Section 301 of the same law authorizes tariffs when the Office of the U.S. Trade Representative (USTR) determines, in response to a petition, that "an act, policy, or practice of a foreign country" either violates a trade agreement or "is unjustifiable and burdens or restricts United States commerce." We know Trump is familiar with Section 301 because he used it to impose tariffs on imports from China in 2018. But the pesky process it requires is a bit more complicated than simply issuing an executive order.

A Section 301 committee considers petitions, conducts hearings, and makes recommendations to the USTR, which has to consult with the relevant foreign government to investigate the possibility of a voluntary resolution. Any resulting tariffs automatically end after four years unless the USTR receives a request to extend them.

During the first Trump administration, the USTR looked into digital services taxes imposed by France and other countries. Last July, it launched an investigation of Brazil's "acts, policies, and practices" related to "unfair, preferential tariffs," "anti-corruption enforcement," "illegal deforestation," "ethanol market access," "intellectual property protection," "digital trade," and "electronic payment services." But instead of waiting for the outcome of that investigation, Trump suddenly, unilaterally, and sharply hiked tariffs on various Brazilian imports, including beef, based on his alleged authority under IEEPA.

Section 338 of the Smoot-Hawley Tariff Act of 1930 likewise targets "discrimination by foreign countries," but it may be more appealing to Trump because it seems to give him broader discretion.
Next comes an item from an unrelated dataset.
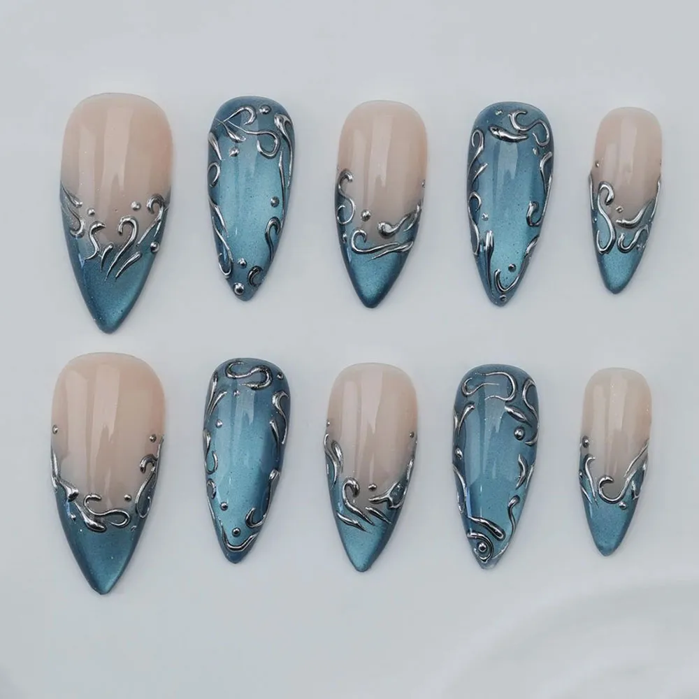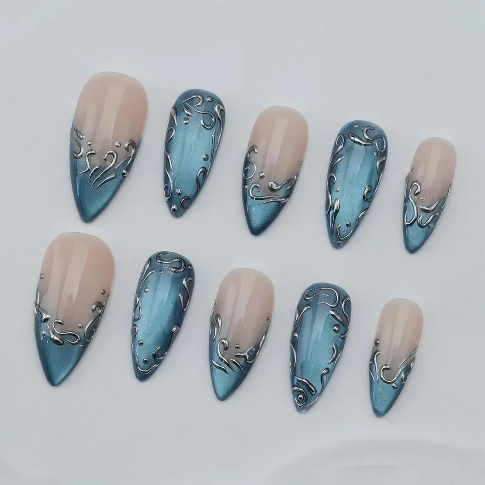 These press-on nails make a wonderful gift for her and are a perfect match for birthday parties, New Year’s Eve celebrations, night outs, holiday galas, date nights, or any occasion that calls for a look that is bold, celestial, and unmistakably party-ready. Style them with a deep blue sequined dress, a sleek navy co-ord, a shimmering silver ensemble, or your most glamorous and festive party outfit — these press-ons bring a surge of blue cat eye magic and starlit sparkle to every look.

It authorizes the president to impose tariffs "whenever he shall find as fact" that a foreign country "discriminates in fact against the commerce of the United States, directly or indirectly," or that it is imposing "any unreasonable charge, exaction, regulation, or limitation which is not equally enforced upon the like articles of every foreign country." Based on such a finding, the president "shall by proclamation specify and declare new or additional duties" up to 50 percent.
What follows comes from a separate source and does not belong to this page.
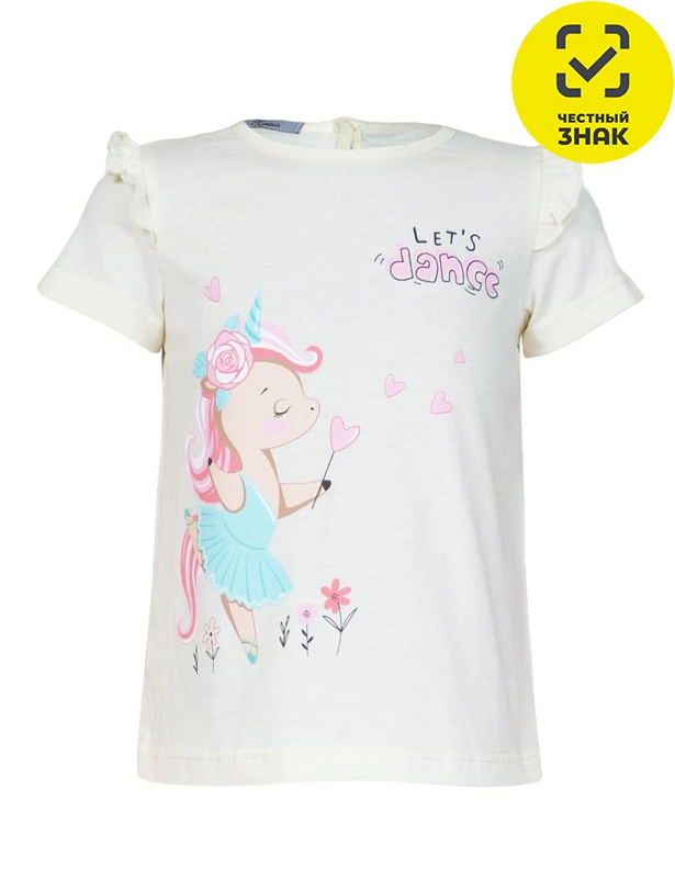 Футболка для девочки - силуэт трапеция, короткий рукав, в пройме рюша. Горловина окантована, застежка на пуговицу по спинке. Печать на переде.

Although the president's authority under this provision "appears to overlap with that of USTR under Section 301 of the Trade Act," the Congressional Research Service notes, "Section 338 does not appear to require any agency investigation or determination as a prerequisite to imposing tariffs." But it does charge the ITC with identifying practices that discriminate against U.S. commerce and informing the president about them, which "may raise a question as to whether the ITC must find that discrimination has occurred before the President may impose tariffs."
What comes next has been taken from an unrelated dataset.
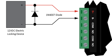 The lock output is shared with the bell/siren function. You can select another output for the lock control if the bell/siren function is required. To use the lock outputs in conjunction with the onboard reader module, the Lock output for the door associated with the reader port must be configured to be the desired lock output on the controller. This is not configured by default. When using a door with an Entry and Exit Reader, the lock output should be connected to the Bell (CP001:01), and the swap lock option for the second reader input should be enabled to allow the reader LEDs to display the correct status. Note: The Bell output current must not exceed 1.1A or electronic shutdown will be engaged. |

U.S. officials, including President Franklin D. Roosevelt, threatened tariffs under Section 338 on various occasions from 1935 to 1949, but none were actually imposed. "There appears to be no activity under Section 338 provisions since 1949," the Institute of Geoeconomics reports. It notes that "Section 338 measures would seem to run counter to the frameworks provided under the World Trade Organization and other trade agreements, allowing for the possibility that members may be permitted to impose retaliatory measures against the United States if Section 338 was used to impose tariffs."

Since Trump was unfazed by the fact that no president had ever used IEEPA to impose tariffs in the 48 years since that law was enacted, he is unlikely to be deterred by the fact that Section 338 has been dormant even longer. And even without Section 338, there are plenty of ways he can pursue his protectionist agenda, which is driven by a long-standing hostility to free trade rooted in fundamental economic misconceptions. Although opponents of that worldview scored a big victory today, they will have to continue their fight against the painful policies that Trump is determined to impose on American businesses and consumers.